Work request:
The answer must consist only of the lines from the line with "Blättchen sitzend, 3- spitzig, mit" to the line with "Collection of graded", both included, exactly as they stand below.

Source information:
'''
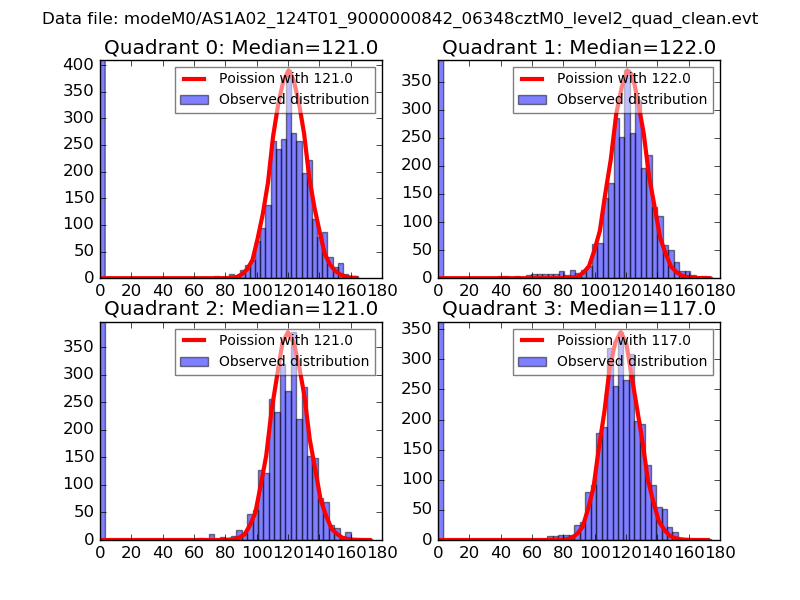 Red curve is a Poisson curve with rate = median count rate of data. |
'''
'''
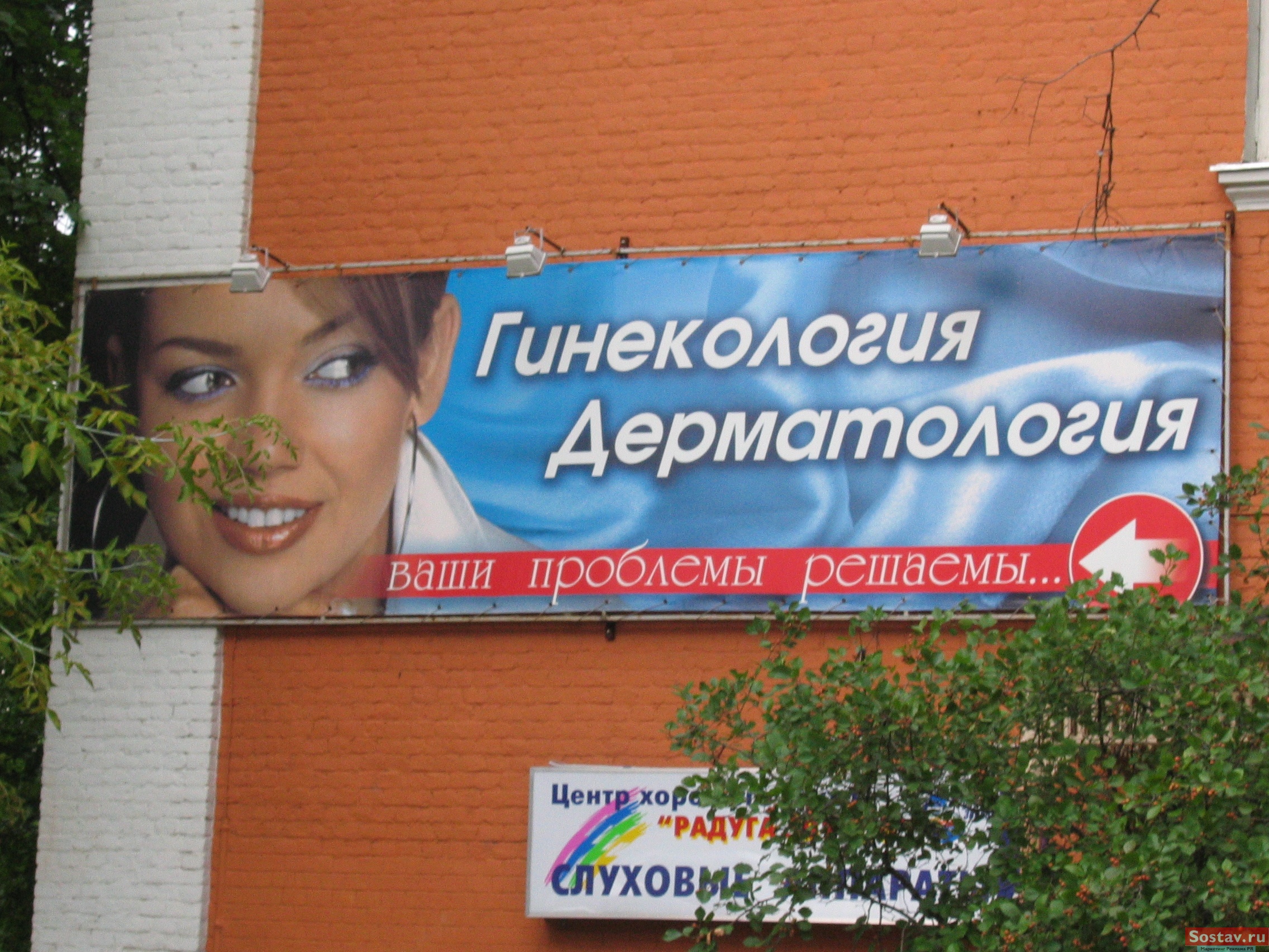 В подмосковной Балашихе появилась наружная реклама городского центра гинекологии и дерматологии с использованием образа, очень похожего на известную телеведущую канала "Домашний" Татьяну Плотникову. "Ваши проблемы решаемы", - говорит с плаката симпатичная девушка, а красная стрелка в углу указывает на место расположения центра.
'''
'''
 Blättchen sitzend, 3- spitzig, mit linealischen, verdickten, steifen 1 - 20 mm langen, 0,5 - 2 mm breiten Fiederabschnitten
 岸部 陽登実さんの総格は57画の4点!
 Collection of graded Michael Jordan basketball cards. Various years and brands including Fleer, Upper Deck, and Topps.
'''
Task solution:
 Blättchen sitzend, 3- spitzig, mit linealischen, verdickten, steifen 1 - 20 mm langen, 0,5 - 2 mm breiten Fiederabschnitten
 岸部 陽登実さんの総格は57画の4点!
 Collection of graded Michael Jordan basketball cards. Various years and brands including Fleer, Upper Deck, and Topps.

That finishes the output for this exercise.